Vendiendo espejitos a los trabajadores, Morena habla de la reforma laboral que reduce la jornada laboral de 48 a 40 horas semanales como una conquista laboral, cuando en la realidad no se garantiza el descanso obligatorio de dos días a la semana, lo que era el principal objetivo de la iniciativa.

En el papel se quedó la intención de que al reducir la jornada laboral, los trabajadores tendrían mayor tiempo para la convivencia familiar, el desarrollo personal, disminuir el estrés, la ansiedad, la depresión y los accidentes laborales. Una vez más, Morena presenta una reforma legislativa como si fuera un avance o un triunfo, cuando es claro que la forma en que se aprobó terminó siendo una simulación porque le quedó a deber a los trabajadores, pero tampoco se consensó con el sector empresarial.

Es importante destacar que para mejorar el crecimiento económico de México, se debe pensar en acciones conjuntas entre empleados y empresarios. Seguir hablando de unos y de otros de manera individual es sólo seguir fomentando un discurso de polarización completamente innecesario.

Esta reforma laboral no contempla apoyos fiscales y financieros para las micro, pequeñas y medianas empresas, por lo que las afectaciones que tendrán muchos negocios durante el periodo de transición de implementación de la ley no serán menores.

Por supuesto que es importante que los trabajadores tengan más tiempo de calidad, pero algo que también es importante es que cuenten con mejores sueldos, y esta reforma no va en ese sentido. Lo que necesita nuestro país es que tengamos un debate serio para mejorar la situación de las y los trabajadores, pero también de los empresarios, que día con día demuestran su compromiso con México al continuar invirtiendo y generando empleos.

Pero, sin lineamientos claros, esta reforma afectará la viabilidad de miles de negocios, con repercusiones negativas en la economía nacional. Consideremos que en 2025, la economía mexicana creció 0.7 por ciento, el menor avance desde 2020 de acuerdo con la estimación oportuna publicada por el INEGI, mientras que las proyecciones de crecimiento económico del FMI para México en 2026 son de 1.5%.
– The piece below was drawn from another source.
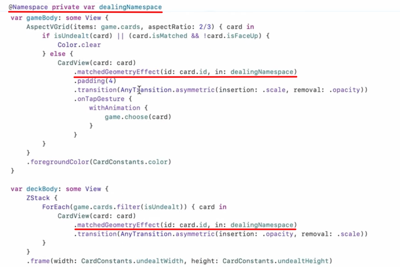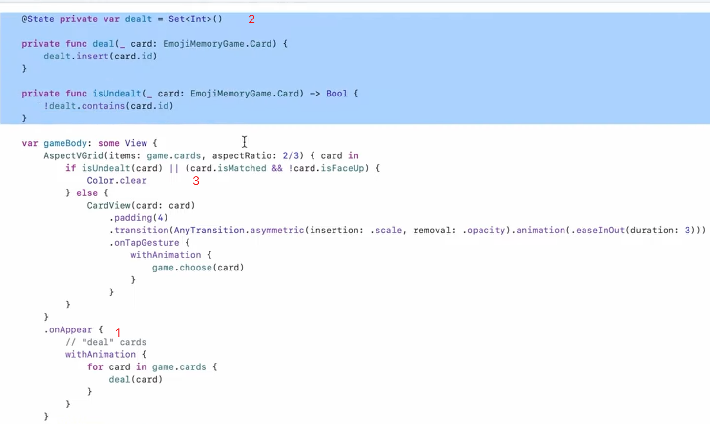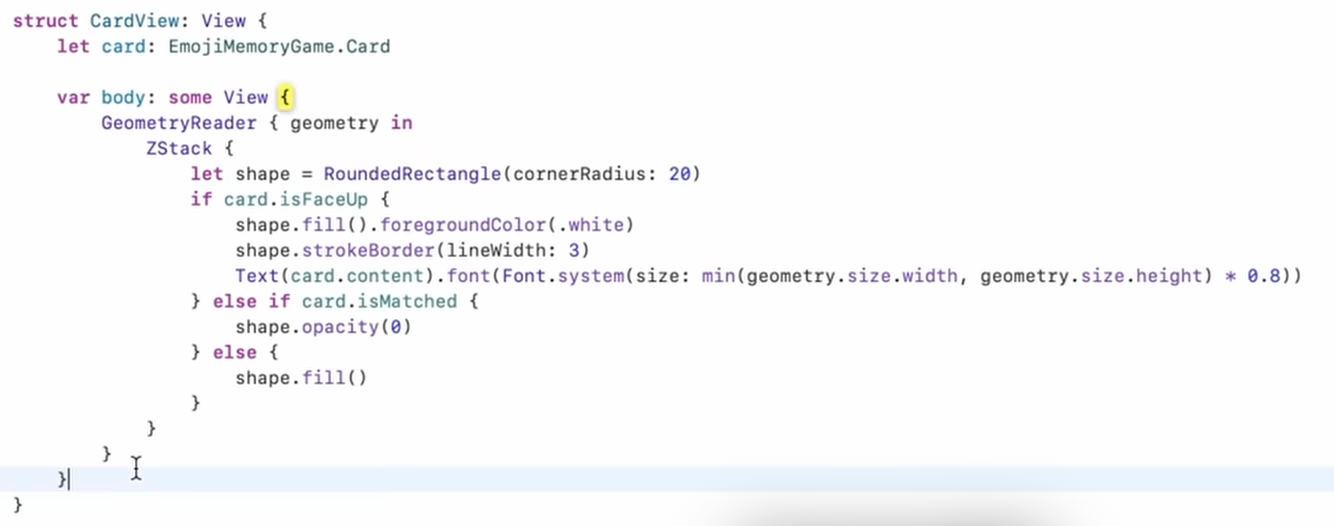 typealias Card = MemoryGame<String>.Card别名var a_int_array = [Int]()一种初始化方式- extension中的属性可以直接用,(当然也可以用
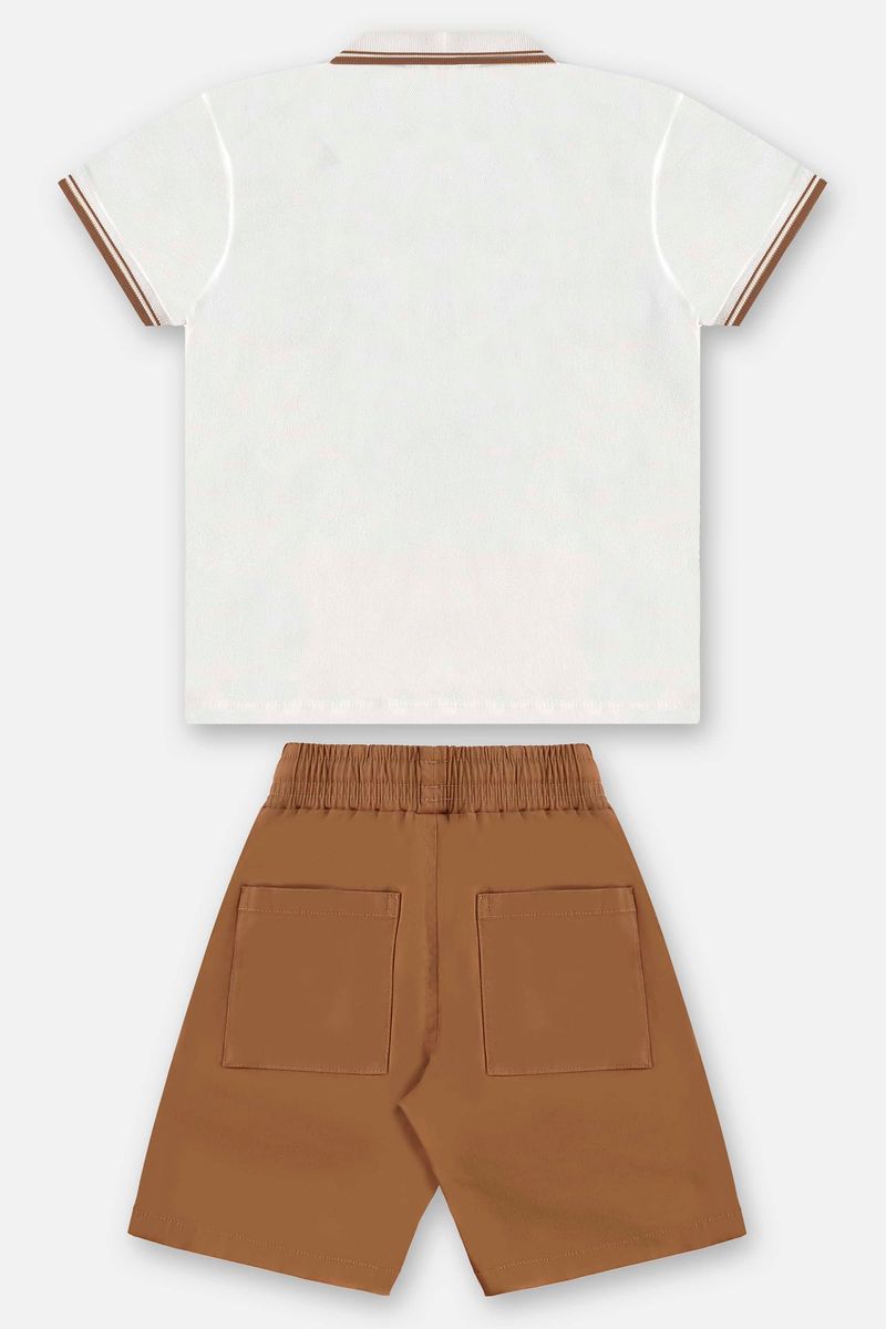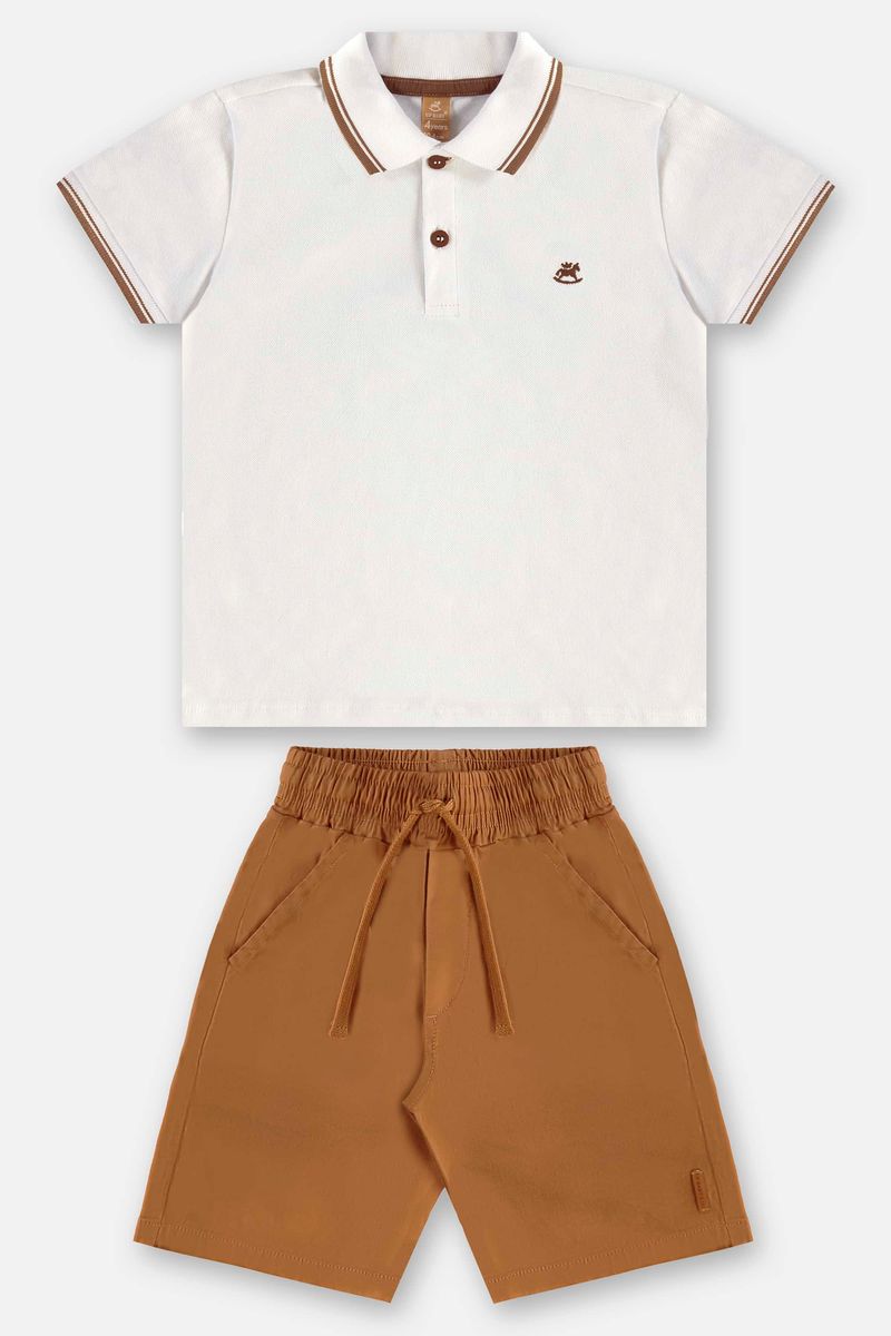 Conjunto infantil para menino com camisa polo em malha piquet (algodão e elastano) e bermuda em sarja (algodão e elastano), ideal tanto para atividades casuais quanto para eventos especiais. A camisa possui gola e punhos em retilínea, peitilho com botões e bordado com o ícone da marca no peito. A bermuda conta com cós elástico, cordão funcional, bolsos, braguilha decorativa e efeito lavanderia, processo que cria uma variedade de efeitos visuais e texturas.

Desde Acción Nacional, vemos que esta reforma, que la próxima semana será aprobada en la Cámara de Diputados, representa una justicia a medias porque en México el 55% de los trabajadores se encuentra en la informalidad y no tendrán este beneficio.

Veamos unos ejemplos. Esta reducción de horas no contempló cómo se afectará a negocios con actividades que operan 24 horas al día, tales como la hotelería, el transporte o algunas ramas industriales, lo que tendrán que requerirse más contrataciones o incluso un mayor pago de horas extra, lo que de manera directa presionará la estructura de costos del negocio.

Estamos a tiempo de corregir este tipo de situaciones, para que no se digan mentiras a la gente, diciéndoles que gozarán de mayor tiempo de descanso cuando no es cierto, porque Morena se opuso a incluir que fueran dos días de descanso obligatorios. Vayamos por más empleos, por mejores salarios y mejores condiciones de trabajo, pero de verdad, no engañando ni vendiendo espejitos.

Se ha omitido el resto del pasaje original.